How The Twilight Zone Predicted Our Paranoid Present

Posted: January 1, 2014 at 2:43 am

Tune into the annual New Year's marathon broadcast of the show that debuted 55 years ago, and you might notice something strange: Its sci-fi stories look a lot like today.

More than half a century after it first aired, The Twilight Zone still has one of the most recognizable opening themes in television history: Doo-doo-doo-doo, doo-doo-doo-doo, doo-doo-doo-doo. Incidentally, composer Marius Constant dashed off the 30-second theme song in a single afternoon, according to The New York Timesbut that melody has endured in our popular imagination just as the program has. Though its original run spanned five seasons between 1959 and 1964, generations of new viewers have since discovered The Twilight Zone, its longevity at least partly buoyed by an annual marathon broadcast each New Year's dating back to 1994. The Syfy network will continue the tradition for a 19th time this week, airing more than 80 episodes in 48 hours starting the morning of Dec. 31 at 8 a.m.
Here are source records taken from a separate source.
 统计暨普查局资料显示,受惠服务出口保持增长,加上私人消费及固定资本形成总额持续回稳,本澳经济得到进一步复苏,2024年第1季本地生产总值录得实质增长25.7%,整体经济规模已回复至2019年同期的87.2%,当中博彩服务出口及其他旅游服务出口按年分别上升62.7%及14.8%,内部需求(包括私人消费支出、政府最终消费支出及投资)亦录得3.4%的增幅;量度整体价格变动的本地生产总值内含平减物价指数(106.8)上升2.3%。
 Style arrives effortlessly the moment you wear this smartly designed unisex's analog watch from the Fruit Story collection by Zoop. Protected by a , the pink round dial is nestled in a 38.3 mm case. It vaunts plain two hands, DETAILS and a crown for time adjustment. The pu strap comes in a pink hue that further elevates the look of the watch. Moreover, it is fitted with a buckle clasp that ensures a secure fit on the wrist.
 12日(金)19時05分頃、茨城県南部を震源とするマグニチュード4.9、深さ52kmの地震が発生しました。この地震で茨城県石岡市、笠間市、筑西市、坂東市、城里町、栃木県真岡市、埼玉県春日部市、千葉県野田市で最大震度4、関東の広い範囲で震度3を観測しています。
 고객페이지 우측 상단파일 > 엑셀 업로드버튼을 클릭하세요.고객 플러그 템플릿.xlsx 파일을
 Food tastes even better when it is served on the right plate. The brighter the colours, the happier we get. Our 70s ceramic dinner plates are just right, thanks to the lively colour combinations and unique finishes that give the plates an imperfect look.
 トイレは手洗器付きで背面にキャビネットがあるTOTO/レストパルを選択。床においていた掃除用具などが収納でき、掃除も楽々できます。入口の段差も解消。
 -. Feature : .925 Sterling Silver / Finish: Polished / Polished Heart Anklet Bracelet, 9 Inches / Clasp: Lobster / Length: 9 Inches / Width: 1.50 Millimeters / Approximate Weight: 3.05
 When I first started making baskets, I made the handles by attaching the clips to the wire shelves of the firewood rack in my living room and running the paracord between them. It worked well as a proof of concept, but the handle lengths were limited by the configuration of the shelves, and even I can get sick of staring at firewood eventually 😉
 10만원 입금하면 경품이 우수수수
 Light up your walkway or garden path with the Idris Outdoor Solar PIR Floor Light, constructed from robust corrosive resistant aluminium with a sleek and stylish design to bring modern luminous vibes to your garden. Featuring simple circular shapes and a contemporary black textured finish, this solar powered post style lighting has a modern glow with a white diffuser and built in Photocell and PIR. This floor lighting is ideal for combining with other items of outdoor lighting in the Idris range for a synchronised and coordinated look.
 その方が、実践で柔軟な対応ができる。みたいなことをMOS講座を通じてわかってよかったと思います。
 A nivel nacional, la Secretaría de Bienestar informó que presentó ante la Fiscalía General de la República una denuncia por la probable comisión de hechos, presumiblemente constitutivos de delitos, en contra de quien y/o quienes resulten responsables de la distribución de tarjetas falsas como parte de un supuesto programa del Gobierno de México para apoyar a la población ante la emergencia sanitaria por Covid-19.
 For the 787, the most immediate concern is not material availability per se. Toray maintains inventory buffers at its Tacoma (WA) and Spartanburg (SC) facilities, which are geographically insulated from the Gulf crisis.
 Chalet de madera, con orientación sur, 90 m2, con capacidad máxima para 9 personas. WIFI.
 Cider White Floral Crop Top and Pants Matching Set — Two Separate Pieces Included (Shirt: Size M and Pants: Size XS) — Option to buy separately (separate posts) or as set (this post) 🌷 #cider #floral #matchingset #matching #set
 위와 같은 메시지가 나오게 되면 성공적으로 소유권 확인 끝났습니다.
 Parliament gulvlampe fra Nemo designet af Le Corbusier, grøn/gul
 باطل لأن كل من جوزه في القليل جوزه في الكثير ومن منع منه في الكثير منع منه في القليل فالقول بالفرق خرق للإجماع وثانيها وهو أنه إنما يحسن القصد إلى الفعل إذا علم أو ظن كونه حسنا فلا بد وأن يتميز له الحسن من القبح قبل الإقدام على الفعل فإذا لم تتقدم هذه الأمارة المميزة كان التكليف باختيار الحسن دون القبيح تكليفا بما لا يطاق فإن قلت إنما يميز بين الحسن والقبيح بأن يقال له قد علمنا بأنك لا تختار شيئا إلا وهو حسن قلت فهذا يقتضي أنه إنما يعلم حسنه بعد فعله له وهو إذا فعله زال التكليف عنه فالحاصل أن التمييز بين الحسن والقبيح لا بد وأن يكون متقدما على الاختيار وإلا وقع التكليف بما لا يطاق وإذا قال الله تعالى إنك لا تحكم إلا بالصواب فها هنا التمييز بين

Critics tend to talk about The Twilight Zone like its trapped in amber. The series is celebrated as an acute reflection of a rare and intense moment in American history; a space-age cult classic that captured the messy transition between post-World War II America and the chaotic 1960s. Atomic war, space exploration, government control, anxiety, and mortality are all common Twilight Zone themes.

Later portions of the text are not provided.